Yep, like Momaw said.
Fire is also needed to help some trees propogate as well.
Posted By: Implume

Re: When a knife just won't cut it... - 01/13/09 07:41 PM

Quote
Quote
If you burn the forest often, it doesn't build up a significant base of fuel. Basically what makes forest fires destructive and vast is that all the stuff fallen and dead on the ground is burning hot and long enough for the live trees to ignite. By burning the forest over to get rid of deadfall every couple years, the fuel load on the ground never gets deep enough to threaten the trees, and the saplings are knocked back. The overall effect is that you get a very open forest with significant sunlight on the ground, promoting low vegetation and ideal game habitat. They did burn the forest for agriculture too sometimes, but that's not the only reason. We don't use burning nowadays, instead we go in and selectively cut, taking out the trees that are too crowded or too weak to allow stronger trees to thrive and to open the floor.

Yep, like Momaw said.
Fire is also needed to help some trees propogate as well.
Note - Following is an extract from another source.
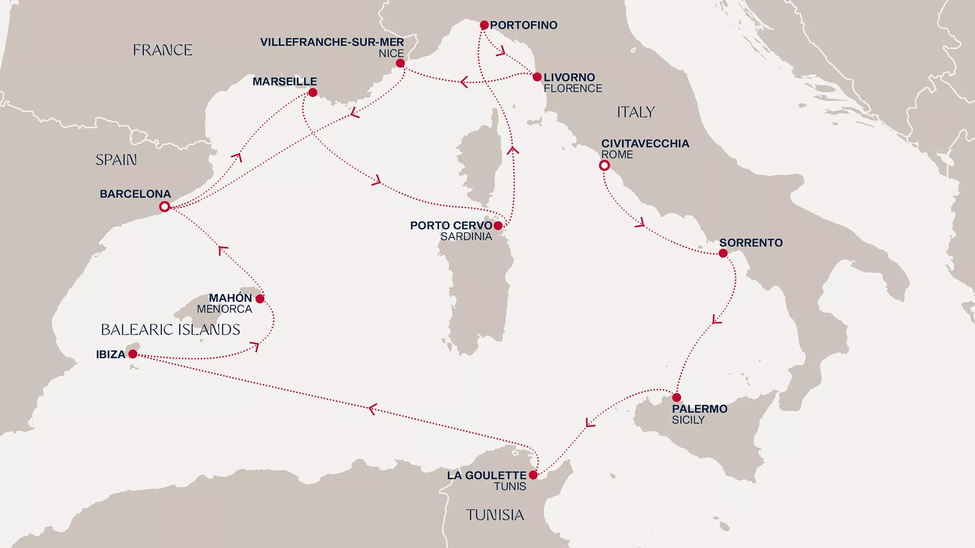 drifting to Barcelona. From there, bask in Marseille’s Calanques, Porto Cervo’s sparkling shores and Portofino’s pastel dreams.

That’s true enough, and I never denied it. But I’ve never heard that, say, the Lenape or the Seneca practiced such forest management burning. Can you point me at a source?
Posted By: mhr

Re: When a knife just won't cut it... - 01/14/09 08:17 AM

In his book Collapse, Jared Diamond addresses a few of the facts and myths about the innate abilities of indigenous peoples to be effective stewards of the land. Lucky for us, google books allows us to view his introductory thoughts on the topic online starting at the bottom of page 8... here

I've raised it around here before, but both Diamond's Guns, Germs, & Steel and his Collapse are fascinating and compelling. Anyone else think so? I'd suggest that a few of the hypotheses advanced in GG&S go a long way toward explaining why many (perhaps mistakenly) believe that the original inhabitants of North America were mostly benign symbiotes.
Posted By: Implume

Re: When a knife just won't cut it... - 01/14/09 12:05 PM

Quote
In his book Collapse, Jared Diamond addresses a few of the facts and myths about the innate abilities of indigenous peoples to be effective stewards of the land. Lucky for us, google books allows us to view his introductory thoughts on the topic online starting at the bottom of page 8... here

I've raised it around here before, but both Diamond's Guns, Germs, & Steel and his Collapse are fascinating and compelling. Anyone else think so? I'd suggest that a few of the hypotheses advanced in GG&S go a long way toward explaining why many (perhaps mistakenly) believe that the original inhabitants of North America were mostly benign symbiotes.

I loved Guns, Germs, and Steel. I haven’t read Collapse.

There were only a few sample pages of Collapse in mhr’s link. In one of them Diamond points out the wave of extinctions that followed modern man as we moved into any new area of the world. Australia, Europe, Asia, North America, South America, New Zealand, Madagascar, the Pacific Islands…we met animals unequipped by evolution to deal with this new super predator, and we wiped them out. Not that that was news to me, but it does bear on this point.

I have no patience with all the scholars who insist that the entry of paleo-Siberian-Americans into North America only accidentally coincided with the extinction of all that mega-fauna. It must have been something else. Asteroids or new diseases or the same kind of periodic ice age warm swing that had left the big beasts unmolested the last dozen times it happened. Bull. Amerindians frequently destabilized their environments in one way or another. Slash and burn agriculture not the least of them.

I’m not trying to bash them. In a lot of ways I respect the American Indians. Were they good woodsmen? Hell yes. Their ten year olds could put any of us to shame when it came to primitive survival. Could they fight? Bet your arse. Did they take care of their own? Sure, as long as you understand that their own was limited to the local tribe and current allies.

But I see no point in foisting virtues upon them that history shows they lacked. For example, New Age wisdom has it that the Indians were far more spiritual than we fallen children of cities and machines. I suppose that may be so. But I’ll get my spiritual advice from cultures that don’t practice cannibalism, or make a sport and religious ritual out of slowly torturing captives to death.